Сентиментальные биографы любят фантазировать на тему автобиографичности отношений Орландо Фрискобальдо и его падшей дочери. Мы не имеем достаточных оснований принимать такую гипотезу, но возможно, что перспективы подобных ситуаций рисовались воображению Деккера. Представлять себя в образе богатого старика, неведомо для самой дочери проникающего в ее жалкое жилище и, под видом слуги, неузнанным, охраняющего каждый ее шаг, могло быть большим утешением для старого и неисправимого фантаста. Провести это в жизнь он вряд ли мог — у него не было ни богатства старого Орландо, ни его выдержки. На практике он был ближе к Матео и совмещал в себе эти мечту и действительность по принципу, который сам формулировал в стихе:
Мы в то же время лев и его жертва.
Деккер написал много книг недраматического характера, в стихах и в прозе. Литературные их достоинства невысоки, но огромный бытовой материал, наваленный в них без складу и ладу, заставляет непрерывно обращаться к ним всякого, изучающего елизаветинскую эпоху и ее театр. Годы проходили, вымирали друзья, перестраивалось общество. Деккер следил за этим, иногда с грустью, которая быстро сменялась непреодолимой жаждой закрепить наблюденное и пошутить над ним или вывести надлежащее поучение. Мораль была не слишком сложной: надо сносить все неприятности с терпением и радоваться побольше, когда к этому представится случай.

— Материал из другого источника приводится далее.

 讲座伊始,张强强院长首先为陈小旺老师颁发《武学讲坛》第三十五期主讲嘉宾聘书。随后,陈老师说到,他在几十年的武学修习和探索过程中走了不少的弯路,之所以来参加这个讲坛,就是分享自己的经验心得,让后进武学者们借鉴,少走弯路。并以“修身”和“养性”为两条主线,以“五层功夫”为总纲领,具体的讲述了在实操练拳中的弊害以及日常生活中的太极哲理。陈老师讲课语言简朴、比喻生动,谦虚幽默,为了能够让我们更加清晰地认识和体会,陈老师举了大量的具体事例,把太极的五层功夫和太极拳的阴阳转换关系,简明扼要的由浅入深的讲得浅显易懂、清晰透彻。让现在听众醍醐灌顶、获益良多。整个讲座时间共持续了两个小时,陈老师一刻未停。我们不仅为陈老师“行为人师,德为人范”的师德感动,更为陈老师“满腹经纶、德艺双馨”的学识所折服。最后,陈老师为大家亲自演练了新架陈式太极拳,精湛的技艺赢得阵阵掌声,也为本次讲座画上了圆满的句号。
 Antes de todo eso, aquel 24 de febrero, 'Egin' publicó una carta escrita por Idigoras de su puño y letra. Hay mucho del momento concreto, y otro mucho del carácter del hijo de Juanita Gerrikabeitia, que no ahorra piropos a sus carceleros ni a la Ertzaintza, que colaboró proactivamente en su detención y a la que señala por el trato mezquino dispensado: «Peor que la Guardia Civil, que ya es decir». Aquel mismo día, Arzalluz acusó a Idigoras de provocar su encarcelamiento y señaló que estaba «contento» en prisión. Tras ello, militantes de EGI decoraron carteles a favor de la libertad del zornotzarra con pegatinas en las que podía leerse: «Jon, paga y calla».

В молодости он писал дополнения к ‘Фаусту’ Марло, сотрудничал с Четтлем, издателем Грина, сочинял с Бенам Джонсоном, потом работал с Мидлетоном, Вебстером и Уилькинсом, позже — с Мэссинджером, Роули и Фордом, он прошел через четыре поколения драматургов и остался тем же, чем и был вначале, ничего от них не приобретя, ничего не утратив и ничему не научившись.

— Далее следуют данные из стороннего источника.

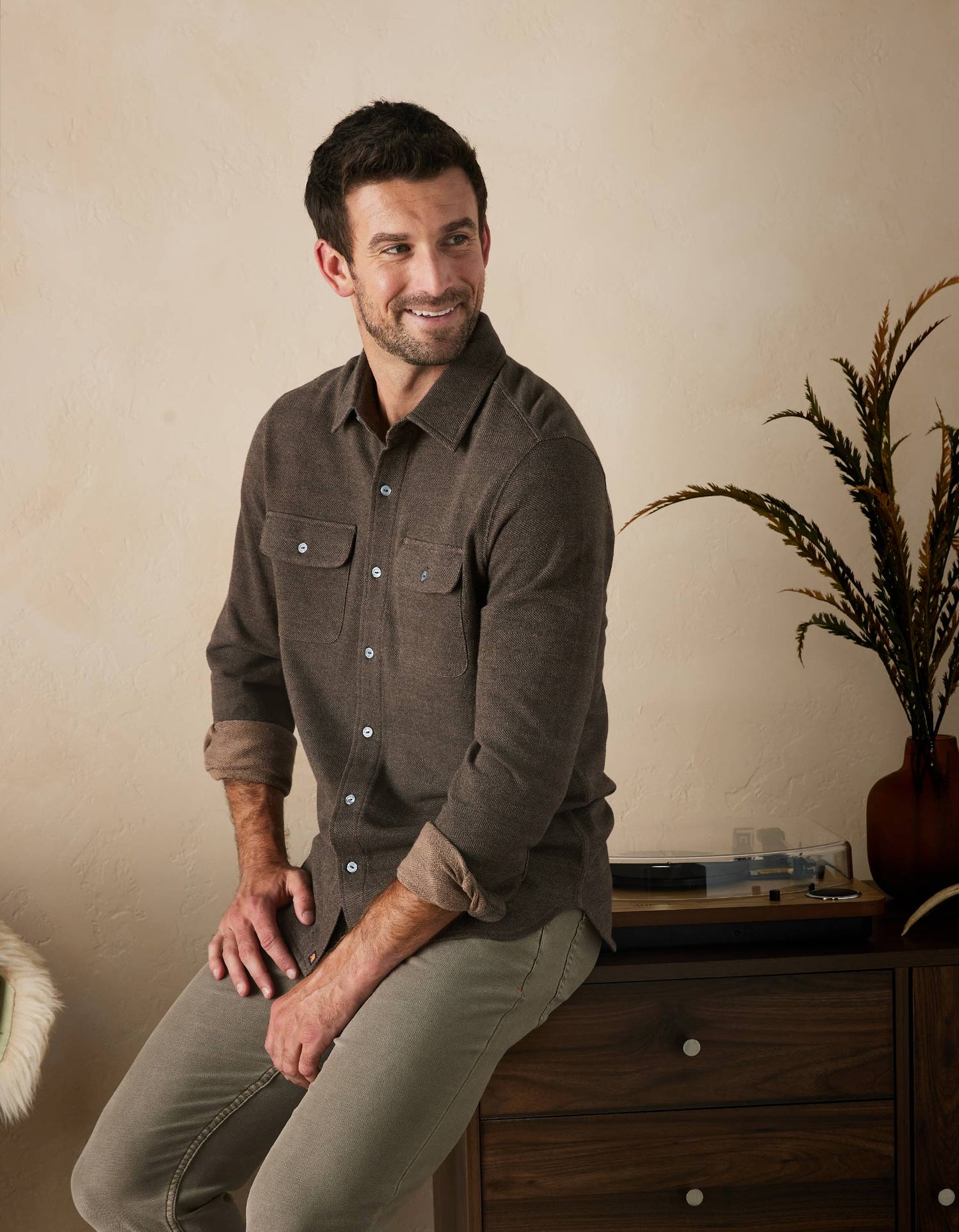 The Textured Knit Shirt is a true-to-size staple made from 100% cotton with a terry-textured herringbone knit. Designed with durability in mind, it features double needle stitching along the sleeve and side seams. A chest pocket with flap and button entry, long sleeves with double barrel cuffs, and a shirttail hem offer a classic, functional finish. Engraved buttons add a subtle branded touch to this elevated everyday layer.
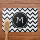 A modern bathmat featuring a timeless black and white chevron design that effortlessly complements any bathroom aesthetic. A circle emblem in the middle to add your initial.
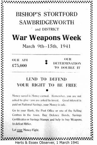 In March the financially challenged British Government launched another National Savings incentive called ‘War Weapons Week’. Heavily publicised in the national and local press, the public were asked to ‘help buy weapons to defeat Hitler’ by purchasing Defence Bonds, Savings Certificates or Savings Stamps. Rising to the challenge, organisers of the Bishop’s Stortford, Sawbridgeworth and District fund (due to take place 9–15 March) optimistically set their sites on raising £75,000. So none were more surprised than they when by the end of the week the public had invested over £184,000. In celebration of this phenomenal amount, the final day of the campaign was marked with a military parade in Sawbridgeworth and Bishop’s Stortford – a detachment of 90 armed infantry from a north of England regiment that had survived Dunkirk, marching through both towns.
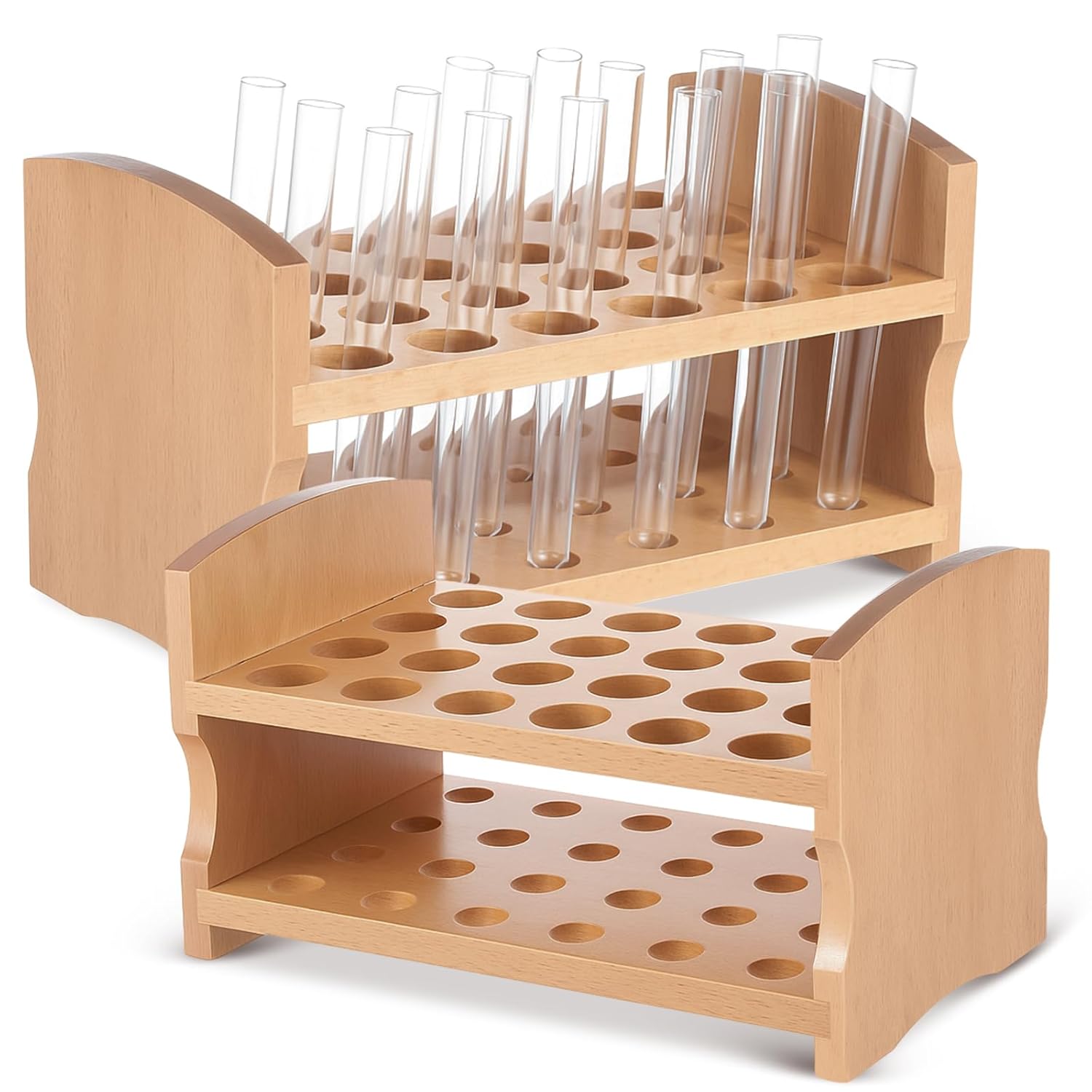 Features: Apart from its practical features, our wooden test tube rack introduces an element of style usually missing in scientific environments. It's a novel way of adding a touch of class to your lab or study space without compromising on functionality. Nothing surpasses consistent product. Our wooden test tube rack maintains its texture, durability, and functionality over an extended period, ensuring you get steady reliable use without the constant need for replacements. Say hello to consistent, long-term convenience! Specifications: Material: wooden Color: wood color Size: 10.2 x 6 x 3 inches/ 26 x 15.2 x 7.6 cm Package includes: 4 x Wooden Test Tube Rack Notes: Manual measurement, please allow slight errors on size. The color may exist a slight difference due to different screen displays.

С 1638 года его больше не слышно. В этом году Шотландия с неистовым единодушием подписывала Великий Конвенант, елизаветинская литература праздновала свои похороны, относя в Аббатство распухший труп Бена Джонсона, надвигавшаяся гроза заглушила окончательно ослабевший с годами голос ‘Лондонского ночного сторожа’ — заглавие одной из проз Деккера. Мудреного нет — незамеченным в тот год прошел и такой шедевр, как ‘Лисидас’ Мильтона. Мы не знаем, когда умер Деккер, и место его погребения равно неизвестно.

ТВОРЧЕСТВО ТОМАСА ХЕЙВУДА

За свою долгую и трудолюбивую жизнь Томас Хейвуд успел сочинить во всех родах тогдашней драматургии. Как Шекспир, его ранний товарищ по освежению старых текстов, он начал с хроник, от которых сохранились две, обе двухчастные: ‘Эдуард IV’, непосредственно примыкающий к ‘Ричарду III’, и ‘Уж если не меня, вам никого не знать’, обнимающая период от смерти Генриха VIII до истребления Великой армады и посвященная изображению превратностей жизни молодой королевы Бэсс.

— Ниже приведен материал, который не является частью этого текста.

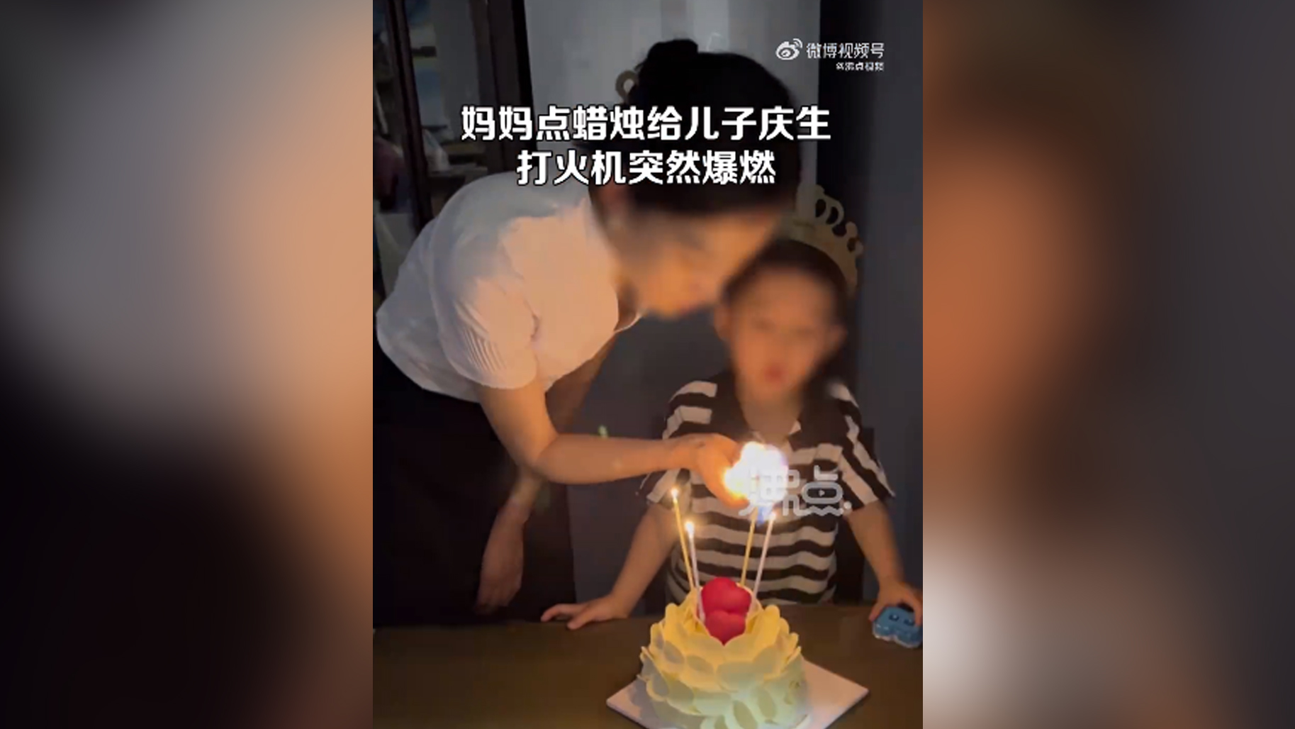 视频 | 妈妈点蜡烛给儿子庆生打火机突然爆燃:打火机有裂痕,漏气了
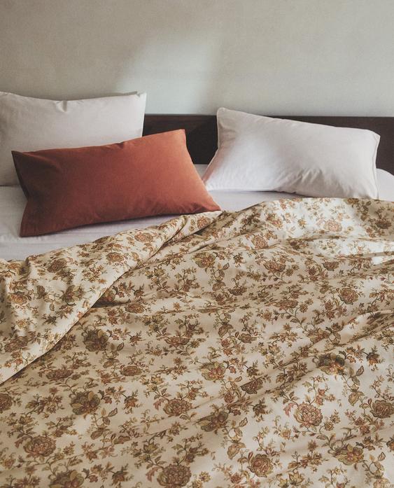 Παπλωματοθήκη από βαμβακερό σατέν 220 κλωστών με vintage λουλουδάτο σχέδιο.
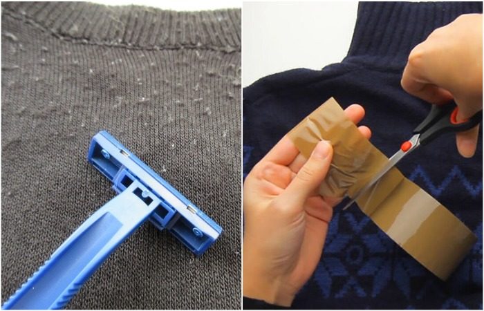 Лайфхак 3: Уберите катышки на одежде бритвы или скотчем
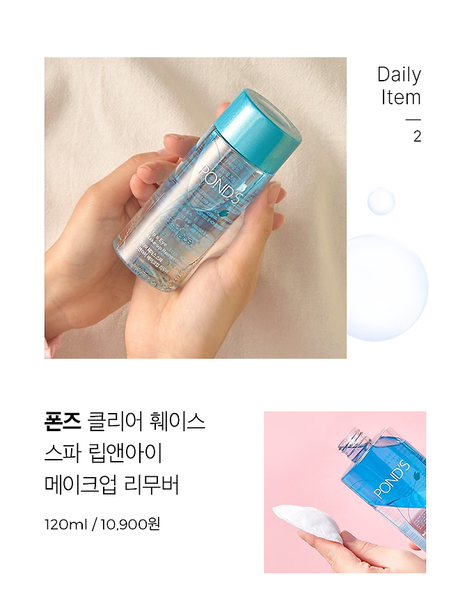 솔직하고 섬세한 리뷰를 위해 하루에도 몇 가지의 제품들을 사용해 보는데요. 여러 제품들을 테스트할 때 자극 없는 리무버는 필수! 폰즈의 립앤아이 리무버는 에디터들 모두 호불호 없이 가장 많이 사용하는 제품 중 하나에요. 세정력도 강력한데다, 눈 시림 같은 자극이 없어 자주 찾게 되죠. P인 에디터도 립앤아이 리무버가 떨어질 때 쯤이면 J 빙의한 듯 미리 쟁여두게 된답니다.

Он писал трагедии на классические сюжеты: ‘Лукреция’ (раннее произведение) и ‘Аппий и Виргиния’ (поздняя работа в сотрудничестве с Вебстером, за которым она долго числилась к недоумению критиков, подверженных суеверному почтению к титульному листу). У него было немало и романтических комедий, образцами которых служат дошедшие до нас: ‘Борьба за красоту’, ‘Щедрый король и верный подданный’, ‘Четыре лондонских подмастерья’.
Комедия превратностей в своей чистой приключенческой форме нашла у него свое законченное выражение в таких работах, как ‘Приключения на суше и на море’, или в приводимой здесь ‘Красотке с Запада’. Его изящный, хотя и суховатый лиризм расцветает в модных тогда аллегорических композициях, так называемых масках: тетралогии ‘Золотой, серебряный, медный и железный век’ и ‘Любовница Любви’, где он драматизует апулеев миф о Психее.
Бытовая драма являлась его специальностью, и он, по справедливости, считается если не создателем (у него были предшественники, и кидовский ‘Арден из Февершэма’ уже наметил главные линии этого жанра), то совершенным завершителем елизаветинского выражения ее. Глубокое чувство домашней жизни, преданность быту проникает вообще все произведения Хейвуда, как бы фантастична ни была обстановка, в которую он ставит своих персонажей, естественно, что ему больше всего должны были удаваться произведения, где его любимые особенности становились основным материалом композиции. Естественно, что и сохранились нам, главным образом, поэмы этого рода: ‘Женщина, убитая чрезмерной добротой’ (признанный шедевр автора), ‘Английский путешественник’, ‘Красотка с биржи’, ‘Последняя ланкаширская колдунья’, ‘Хогстонская ворожея’ и ‘Удачно потерянная невинность’.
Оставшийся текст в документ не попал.